Exclusion of subscription rights in case of capital increase

Pursuant to articles L. 225-132 and seq. of the French Commercial Code, shareholders of the Company are entitled to a preferential right to subscribe to shares issued for cash in the context of a capital increase. Such a right is transferable throughout the subscription period. Shareholders may individually waive their preferential subscription rights. In addition, a decision to convert preferred shares entails the waiving of the shareholders' preferential right to subscribe the shares resulting from the conversion. Similarly, a decision to issue transferable securities giving access to the capital also entails the waiving of the shareholders' preferential right to subscribe the capital securities to which the transferable securities issued give entitlement. An extraordinary general meeting of shareholders which decides or authorises a capital increase may remove the preferential subscription right for the total capital increase or for one or more tranches thereof, subject to the following conditions:
  • The issue price of share issuances by way of public offering must be at least equal to the weighted average market price of the three latest stock exchange sessions with a maximum 5% discount. However, subject to a limit of 10% of the share capital per annum, the extraordinary general meeting may authorise the Management Board to set the issue price on the basis of terms which it determines in the light of a report from the Management Board and a special report from the auditor. When such authorisation is used, the Management Board draws up an additional report, certified by the auditor, which describes the definitive conditions of the operation and provides information which facilitates assessment of the effective impact on the existing shareholders' situation.
  • Share issuances by way of an offer to individuals providing portfolio investment and management services on behalf of third parties and/or to qualified investors or a limited circle of investors may only be carried out within the limit of 20% of the share capital per year.

Acquisition of Own Shares

Article L. 225-209 and seq. of the French Commercial Code provides that the general meeting of shareholders of a company whose shares are admitted to trading on a regulated market may authorise the Management Board to purchase a number of shares representing up to 10% of the company's share capital. The general meeting of shareholders defines the purpose as well as the terms and conditions of the purchase. Such authorisation may not be given for a period longer than eighteen months. The works council is informed of the resolution adopted by the general meeting.
In this respect, the Company may not hold, either directly or through a person acting in their own name but on the Company's behalf, more than 10% of the total of its shares, or more than 10% of any given category. The said shares must be in registered form and fully paid up when purchased. The Company must have reserves, in addition to the statutory reserve, of an amount at least equal to the value of all of the shares it holds. Shares held by the Company do not give entitlement to dividends nor voting rights. Own shares may be acquired, assigned or transferred by any means.
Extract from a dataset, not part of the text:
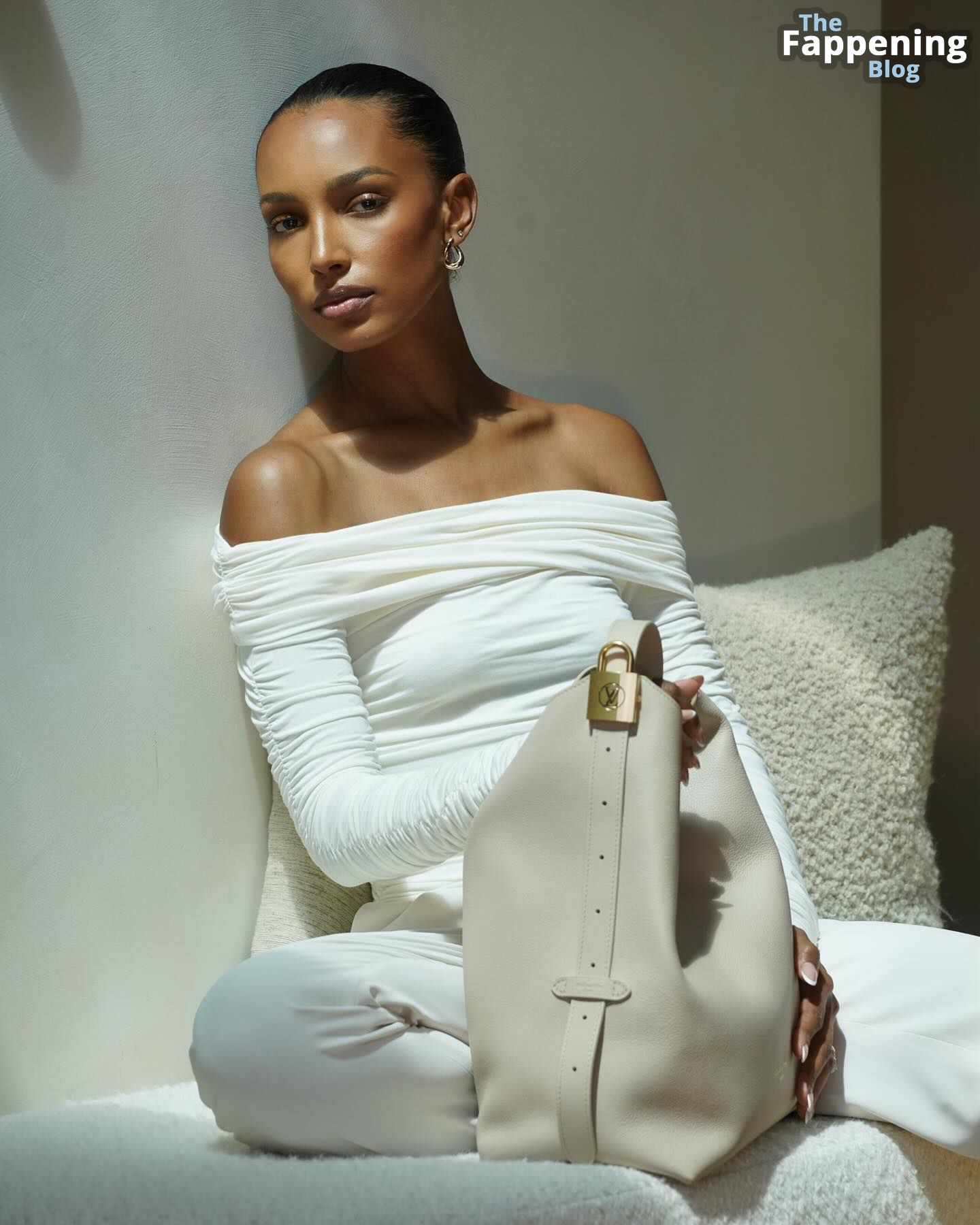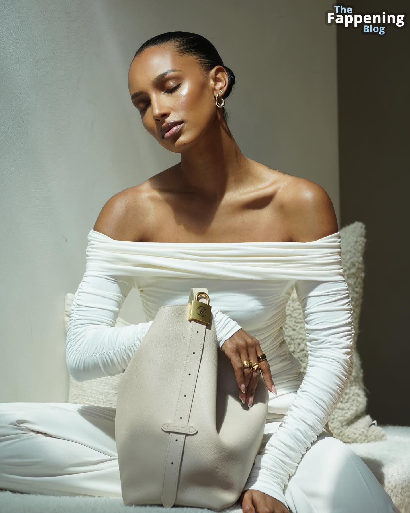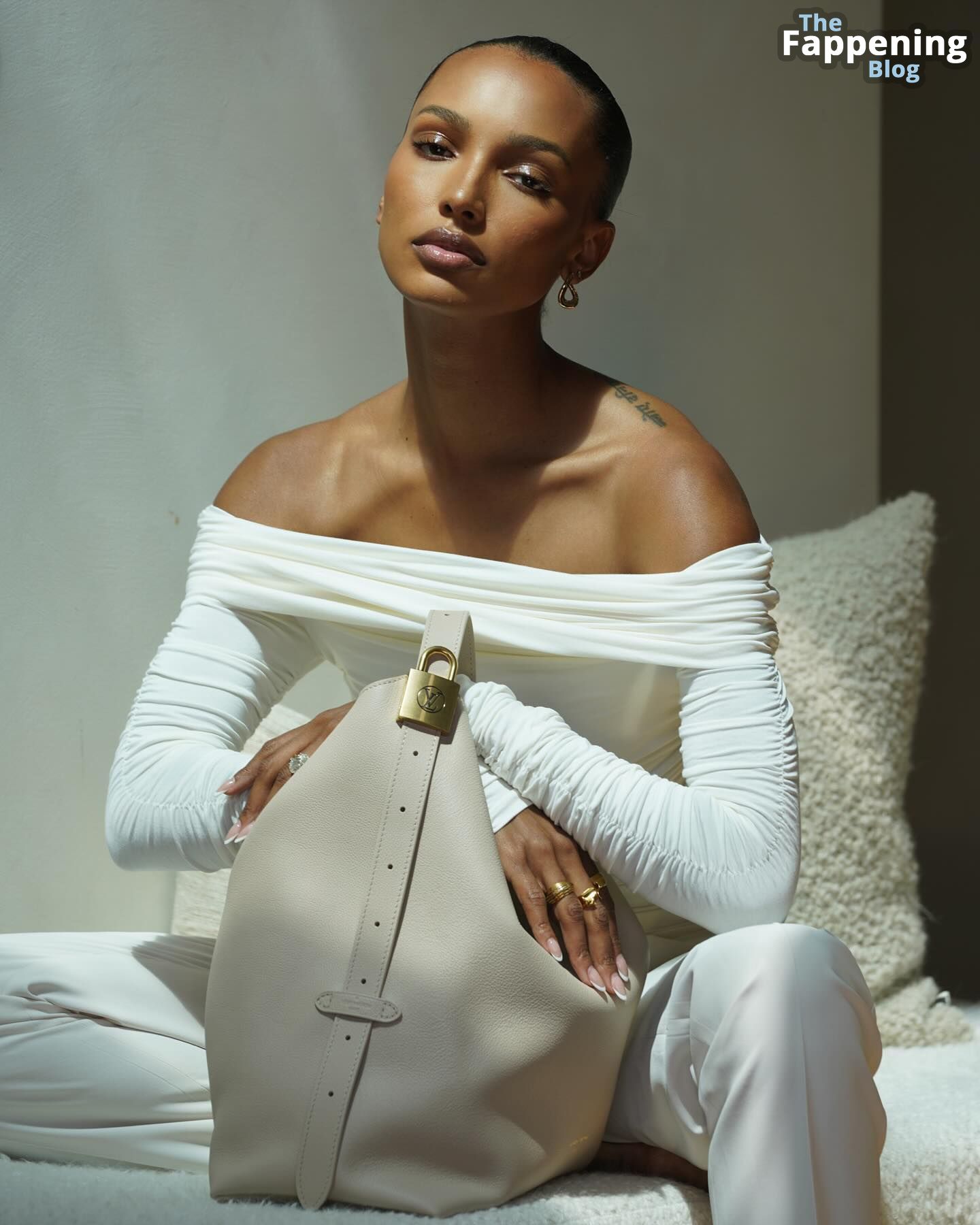 ¡Mira estas fotos súper sensuales de Jasmine Tookes, una modelo de 33 años, luciendo su piel suave como la seda, toda brillante con aceite! Ella posa en bikinis e incluso en topless, cubriéndose lo justo.

The acquisition of its own shares by the Company may have the following purposes:
  • Cancellation and subsequent capital reduction.
  • Allocation to the employees of the Company.
  • Tendering at the time of exercise of the rights attached to securities giving the right to the attribution of shares of the Company.
  • Use for payment or exchange within the context of external growth operations (merger, demerger or contribution), in which case, the shares thus held by the Company cannot exceed 5% of its capital.
  • Ensuring liquidity within the context of a liquidity contract entered into with an investment service provider.

Pursuant to article 241-2 of the General Regulation of the French Financial Market Authority, issuers must publish a description of the share repurchase programme before engaging in such a programme. In addition, issuers for which a share repurchase program is underway, must inform the market of all operations carried out under this programme no later than on the 7th day of trading following their execution date. Issuers also have an obligation to report their repurchase operations to the French Financial Market Authority on a monthly basis.